Each document has an id, which has two parts which can be decided freely:

The namespace, which is just a string used to avoid name collisions if you have multiple kinds of clients deciding ids and not used for any other purpose
The id string, which can be any string you want, for example a product id or a url

Fields can remain empty; you do not need to set a value for every field defined in the document type.

You can find complete information on the document format in the document JSON format reference.

Writing documents

Documents are written to your application instances write endpoint, using the document/v1 HTTP API. You can use the API directly, or use one of the clients provided by Vespa:

Command line, with Vespa CLI: vespa feed mydoc.json/mydocs.jsonl to feed one or many documents to Vespa.
Python, with PyVespa: application.feed_iterable(...)
Java, with the Java Feed Client: myFeedClient.put(id, json, params)

Documents can also be removed, retrieved, and updated using the same API and clients.

Updating documents

Documents can be fully replaced by a new version by writing them again, but you can also update any individual fields of existing documents. This is especially useful for updating attribute fields such as e.g. behavior signals or prices at high throughput, without impacting other fields and indexes.

Updates are sent in the same ways as document puts, it's just the format that's different:

{
    "update": "id:my-namespace:my-documenttype::my-id-string",
    "fields": {
        "myTextField": {
            "assign": "Some new value"
        }
    }
}

Updates can also increment numerical values, add to arrays and tensor etc., read more in the partial update guide.

Writes are streamed and realtime

Write operations to Vespa are streamed (using HTTP/2), and processed asynchronously. There is no need for a separate batch API to feed with the maximal throughput a system can handle, servers will push back by responding more slowly when they are close to saturation, and clients use this signal to back off, allowing them to dynamically converge at the maximal throughput a system can handle.

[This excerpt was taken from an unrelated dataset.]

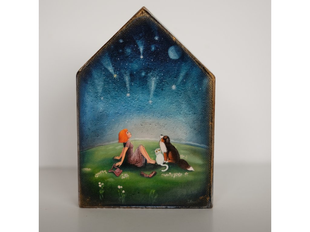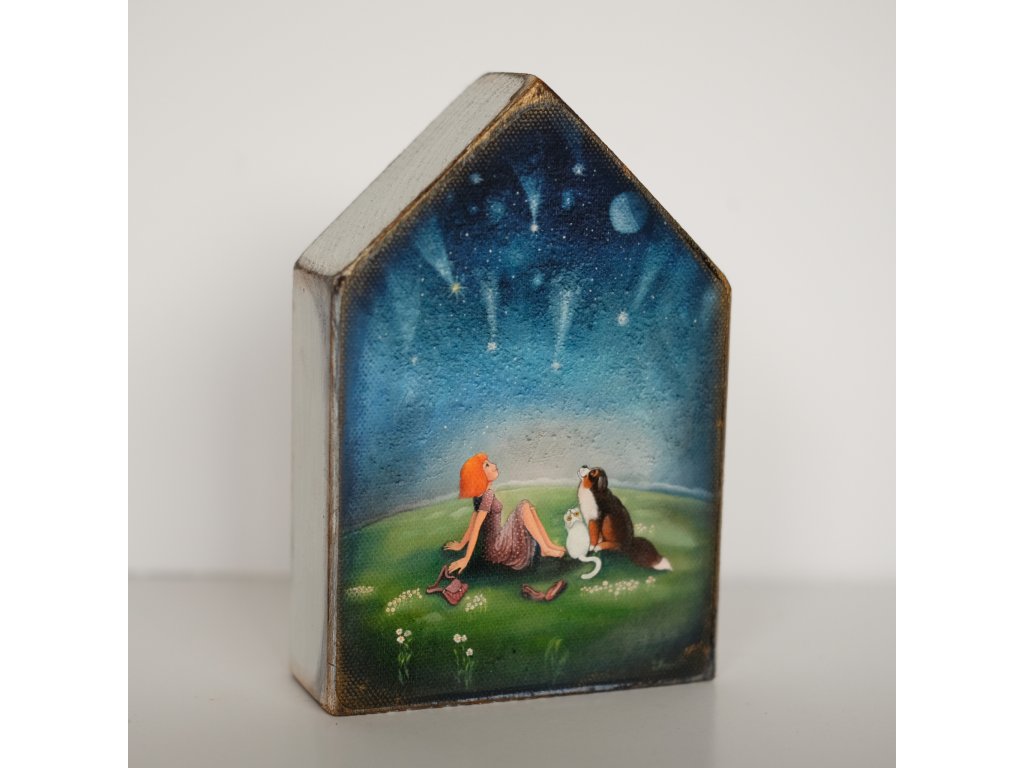 Dřevěný patinovaný domeček - obrázek je vytištěný na plátno - velmi kvalitní tisk co vydrží zapatinovaný domalovaný a přelakovaný.

The write operations to Vespa are always applied in real time: When a write operation is asynchronously acknowledged, the write operation is persisted, fully processed and the result is visible in all subsequent queries. Vespa achieves this by a unique index design, combining in-memory mutable structures with and (for full-text) disk-backed posting lists.

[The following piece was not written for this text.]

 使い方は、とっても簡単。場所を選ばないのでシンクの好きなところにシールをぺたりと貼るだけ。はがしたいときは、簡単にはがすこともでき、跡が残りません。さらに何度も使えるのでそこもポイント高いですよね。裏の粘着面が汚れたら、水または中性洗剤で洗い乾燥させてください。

The document API can also return documents

In addition to supporting writes, the document/v1 HTTP API can also return single documents by id (get), and stream any selection of a document corpus (visit). Visiting is used for background and one-time jobs such as backup and scraping content for offline machine learning. It is designed to have minimal impact on the running system rather than returning with low latency. Read more in the document/v1 guide.